After a “brutal decade for commodities in the aftermath of the 2008 financial crisis,” in the wake of which “investors had all but abandoned the asset class in favor of equities,”, as Rick Mills writes for Ahead Of The Heard,  it appears that we find ourselves at the beginning of what experts call a commodity supercycle (defined by Bank of Canada as an “extended period during which commodity prices are well above their long run trend) – a phase predicted by analysts for several years.

Writes Bruno Venditti for Visual Capitalist:

“In recent years, commodity prices have reached a 50-year low relative to overall equity markets (S&P 500). Historically, lows in the ratio of commodities to equities have corresponded with the beginning of new commodity supercycles.”

Not surprisingly, Visual Capitalist has put together a handy chart and provides some useful context:

Image 5-9-23 at 10.40 AM

Wells Fargo’s LaForge believes that we have already entered a new commodity supercycle that started in 2020, and with these cycles typically lasting a decade or longer, we are merely in the “third inning.”

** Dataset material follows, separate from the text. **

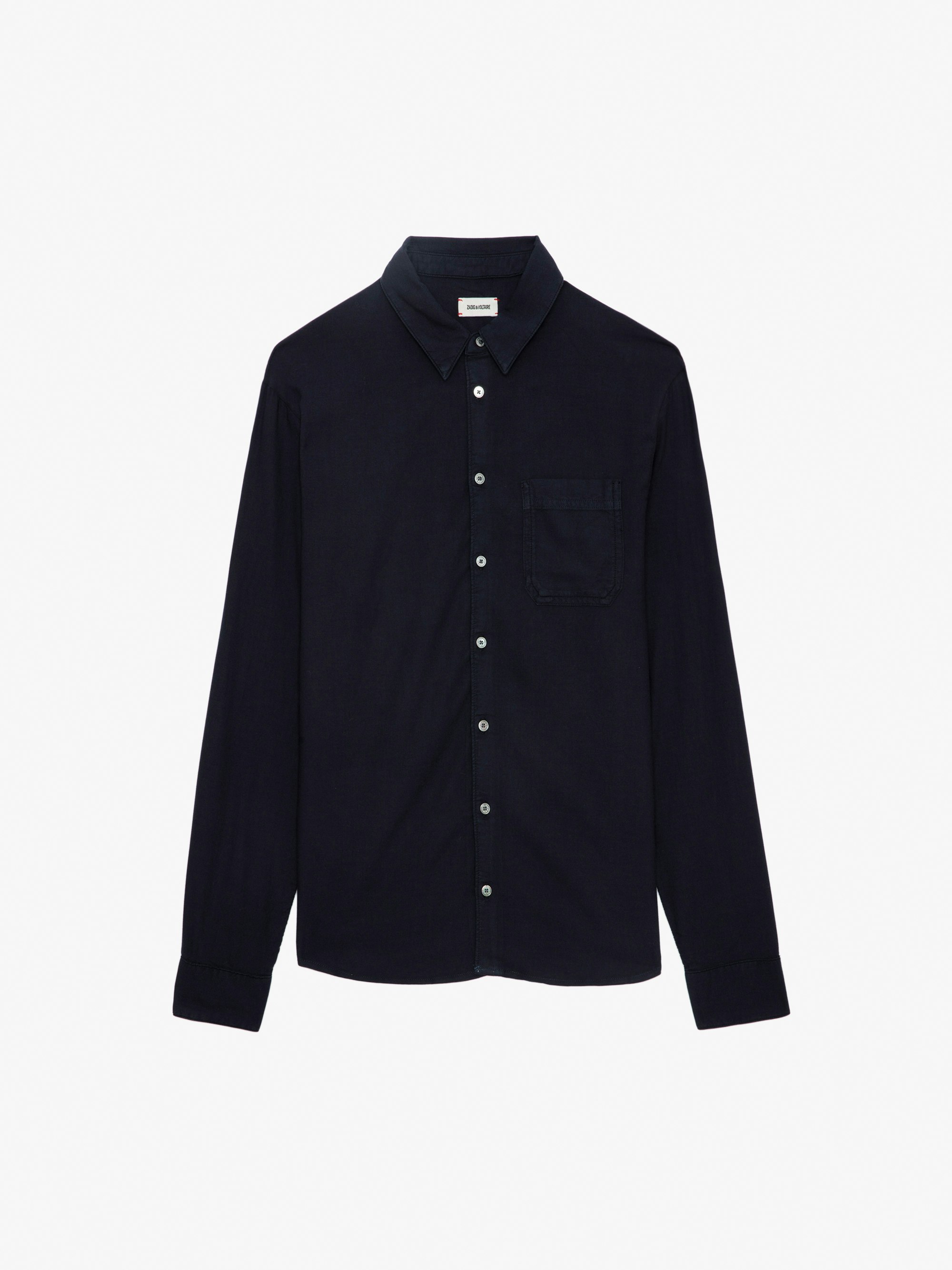 Camicia fluida blu navy con maniche lunghe e tasca.

However, while, as Mills points out, “all supercycles have three indicators in common – a surge in supply, a surge in demand, and a surge in price” – this new commodity supercycle could “look a bit different from the previous ones for one simple reason – an increased focus on climate change.”

As JP Morgan writes“climate change policies may lead to the largest peacetime redeployment of investment and capital,” with demand for critical minerals, especially the battery criticals lithium, graphite, nickel, cobalt and manganese, as well as others underpinning the green energy shift like copper and the rare earths surging to unprecedented heights.

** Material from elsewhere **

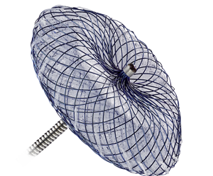 3.右心房側のディスクを開き、2枚のディスクで挟み込みます

Analysts for metals retailer and commodities media organization KITCO believe that “while overall market conditions in critical metals remain volatile, the long-term fundamental drivers are strong.”

They add:

“Governments and corporations continue to ramp up large-scale investments in critical metals like lithium, uranium, copper and nickel, with the goal of onshoring the primary components of energy transition infrastructure and securing a resilient and sustainable supply chain. This considerable task — the reversal of the movement over the past three decades to increase globalization and offshoring to low-cost producers and supply sources — is in its early stages today. But despite its nascency, this powerful trend will have considerable consequences for commodities, capital markets and inflation.”

Bumps are to be expected, but the trajectory for now, is expected to be a longer upward trend.

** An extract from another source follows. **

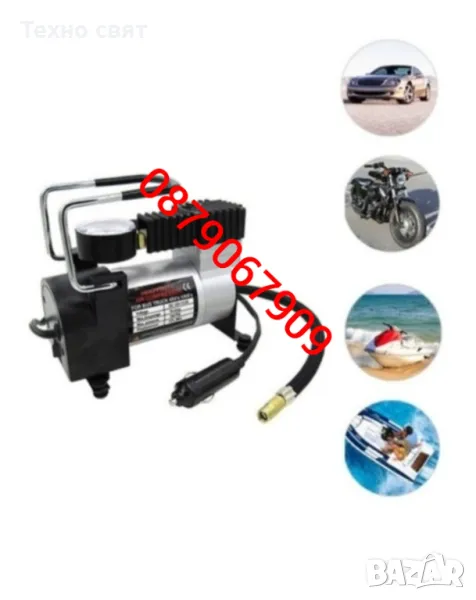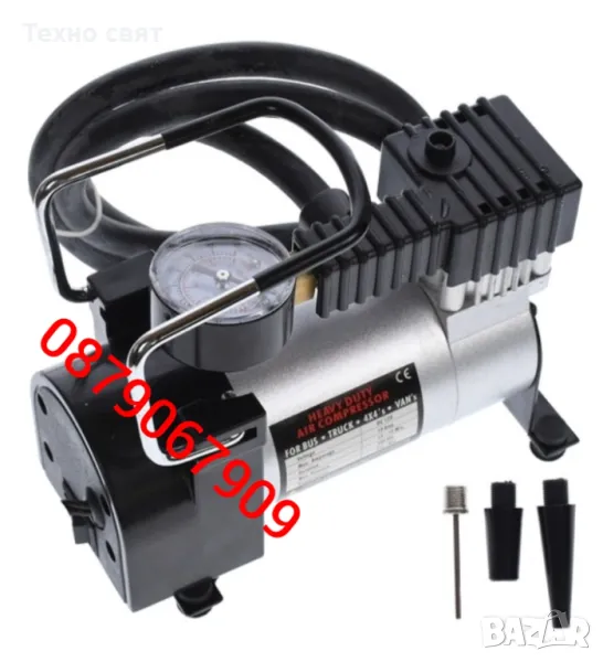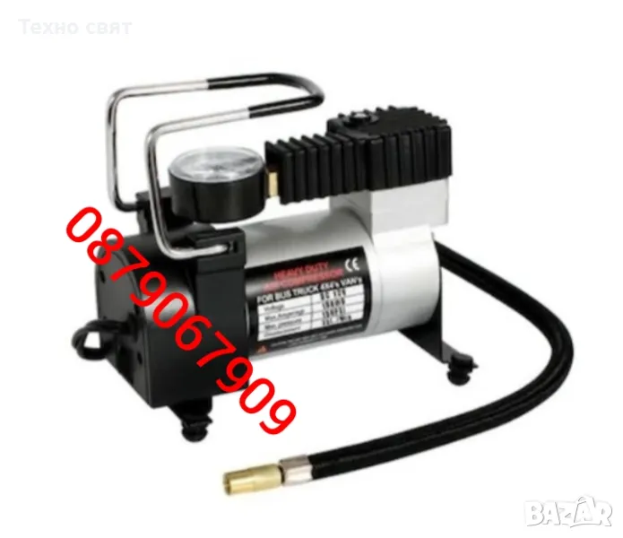 Интересното при този модел е, че той е по-устойчив от останалите. Това става благодарение на здравия метален корпус и подсилените маркучи и кабели. Можете да действате навсякъде с него, стига от запалката на автомобила, откъдето се извършва захранването, до желания обект за помпане, да има максимум три метра разстояние. Всъщност обсегът се увеличава с още цял метър, благодарение на дължината на въздушния маркуч. Захранването е със стандартните 12 волта, с ампераж 12.5.

How do U.S. and our allies’ mineral resource stakeholders in the United States fit into this supercycle?

Mills does not mince words:

“Here in the West, it isn’t only that we have failed to maintain mining and oil investments. We have also put roadblocks in the way of mining, such as the lengthy permitting process in North America. In Canada we’ve let interest groups hostile to corporations dictate resource policy.

We haven’t built the necessary infrastructure, either. (…)

All of these factors are limits to growth.”

He does see a silver lining, however, in the fact that “North Americans are finally starting to realize that to have security of supply, we need to develop our own mineral deposits.”

He concludes:

“The first step is recognizing that we have these metals, we do not need to purchase them from China, the DRC, Russia or any other foreign producer, we can mine and refine them right here.

Next is upping our exploration game — and nobody is better at it than Canadian junior resource companies — so that we can find and develop the deposits that will become the world’s next mines.”